John moved to Australia when he was over 55 with a UK pension worth £350,000. When he first approached us, John wanted to know if there was a better setup available now that he lives in Australia.
Thanks to our international expertise and dual presence in the UK and Australia, we designed a strategy which blended pension products from both regions to optimally set up John’s fund. We also analysed his existing pension to determine what valuable terms or benefits may be lost in the transfer.
This strategy saved John considerable tax and gave him greater flexibility in drawing his pension over time.
In his early 20s, Rory decided to travel from Australia to the UK.
While abroad, he met the love of his life, Jane. The two married and had children, deciding shortly after to move their family to Australia.
The couple needed advice on what to do with their UK pensions, which led them to PX Pension Exchange.

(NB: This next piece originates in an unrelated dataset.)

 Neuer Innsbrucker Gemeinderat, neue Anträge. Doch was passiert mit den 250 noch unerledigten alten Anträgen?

We were able to implement a strategy so that Rory and Jane wouldn’t be disadvantaged if they were to retire in either country. This gave them flexibility for their retirement – and on how they could use their funds in the future.
Eli had been a senior executive at a well-known UK corporation. A few years before his retirement, he and his family emigrated to Australia, where Eli worked in well paid job.

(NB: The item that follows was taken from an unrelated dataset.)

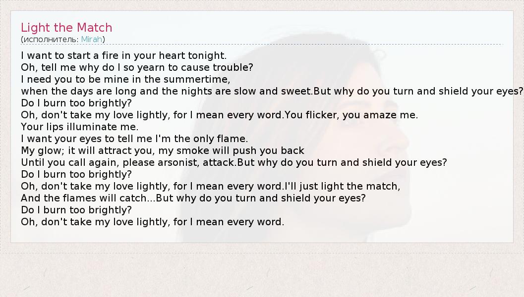 А как ты думаешь, о чем песня "Light the Match" ?

Having worked in the UK for 15 years, Eli had accumulated a pension worth over £1 million (as well as some other smaller pension funds). If he incorrectly withdrew his main fund from the UK, he would been taxed at 55% on the excess. He would have also had to pay an additional 45%+ in tax in Australia on his drawings.
But PX Pension Exchange advised Eli on how to structure his UK pension to reduce the tax on his pension drawings by 30%. We also helped him manage the transfers and payments coming from the UK to considerably reduce the overall tax he would pay in Australia.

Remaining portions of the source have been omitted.